Copyright: Cradle to Cradle NGO

Transformieren mit gesamthaften Strategien

Wir müssen begreifen, dass die sozio-ökonomische Transformation, in der wir uns längst befinden und die wir angesichts der Herausforderungen unserer heutigen Zeit auch so dringend benötigen, kein rein technisches und wirtschaftliches Thema ist. Die Grundlage einer C2C-Gesellschaft ist ein umfassender Wandel sämtlicher gesellschaftlicher Bereiche – darunter fällt natürlich auch die Wirtschaft. Dieser Wandel bedeutet, dass Umwelt- und Klimapolitik nicht länger getrennt von Wirtschafts- und Sozialpolitik betrachtet werden können. Die systemische Transformation wird nicht erreicht, wenn diese Bereiche weiterhin singulär betrachtet und widersprüchliche Signale gesetzt werden. Ein Verbot von Einwegplastik auf EU-Ebene verfehlt seine Wirkung konsequent, wenn gleichzeitig die Produktion von Virgin Plastic aus Rohöl in Deutschland indirekt subventioniert wird, indem sie von der Energiesteuer aus genommen ist. Ein neues Qualitätsverständnis bei Produkten und Prozessen ist keines, wenn darunter nicht auch eine neue Definition von Arbeit und Arbeitsstellen gefasst wird.

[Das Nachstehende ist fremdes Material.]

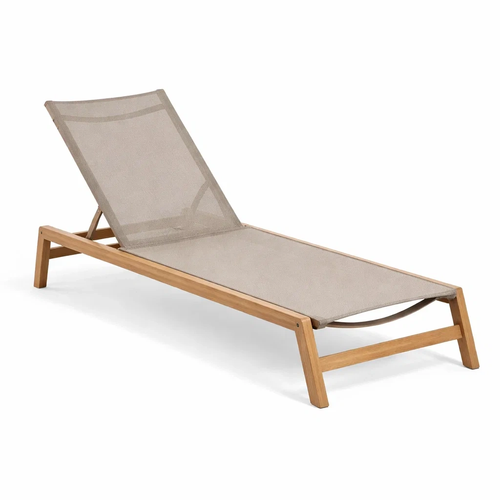 Lettino prendisole da Giardino in Legno e Poliestere Beige Regolabile Dimensioni 200 x 65 cm
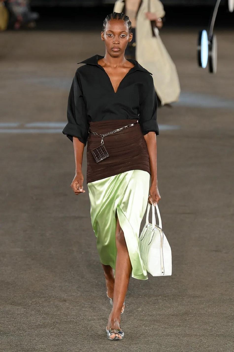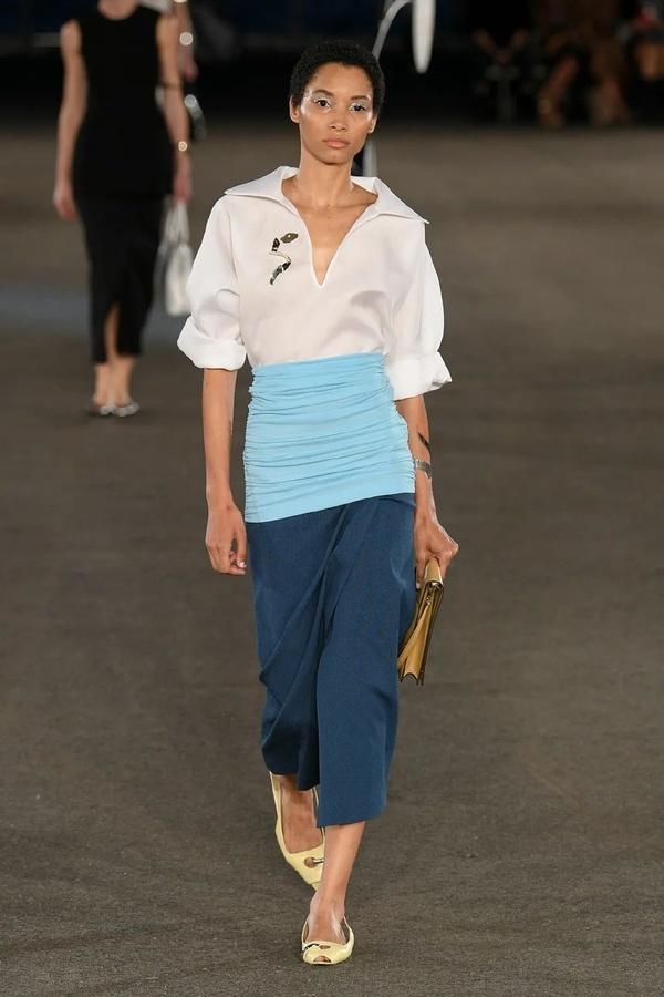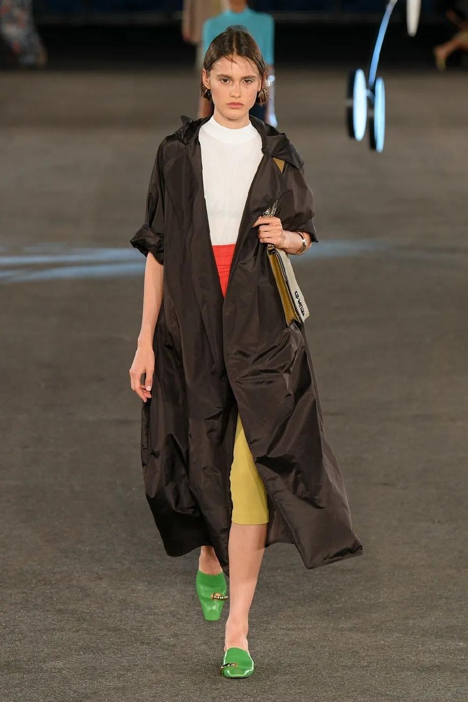 本季色彩的构筑遵循直觉,也略微奇特,将冷调中性色、光学白、冷感淡彩,以及高亮金属色结合。没有夺目的印花与图纹,凭借色彩凸显了材质、纹理和轮廓。

Unsere künftige Politik muss holistisch sein und sich positive Ziele setzen.

Impulse aus Erfolgen ziehen

Dass es auch in Deutschland zahlreiche Unternehmen gibt, die bereits im Sinne dieses Zukunftsbildes handeln und von denen man sich unter anderem beim C2C Congress am 13. und 14. März in Berlin selbst ein Bild machen kann, sollte uns zuversichtlich stimmen. Denn sie sind zum größten Teil heute schon in der Lage, die gesetzlichen Herausforderungen zu erfüllen, die, abgeleitet von der Circular-Economy-Strategie der EU, auf den Standort zukommen werden. Darunter sind Firmen wie Würth, die ein Rücknahme- und Wiederaufbereitungssystem für ein C2C-Montagesystem umgesetzt haben, um dessen Bestandteile im technischen Kreislauf zirkulieren zu lassen. Oder Baustoffhersteller wie Schüco, deren C2C-Fenstersysteme so designt sind, dass Glas und Alu einfach getrennt und in ihre jeweiligen Materialkreisläufe zurückgeführt werden können. Oder der Hausgerätehersteller Liebherr, der erst kürzlich einen C2C-Tiefkühlschrank vorgestellt hat, der anstelle von Polyurethan-Schaum fein gemahlenes Lavagestein zur Kälteisolierung verwendet, das nach der Nutzung einfach entnommen und wiederverwendet werden kann. Wir sollten mehr über diese Erfolgsgeschichten sprechen und uns ein Beispiel an diesen Produkten und Geschäftsmodellen nehmen, wenn wir Wohlstand mit sozialer Gerechtigkeit und der Wahrung unserer natürlichen Ressourcen verbinden möchten. Denn nur so können wir die Transformation so gestalten, dass wir als gesamte Gesellschaft davon profitieren.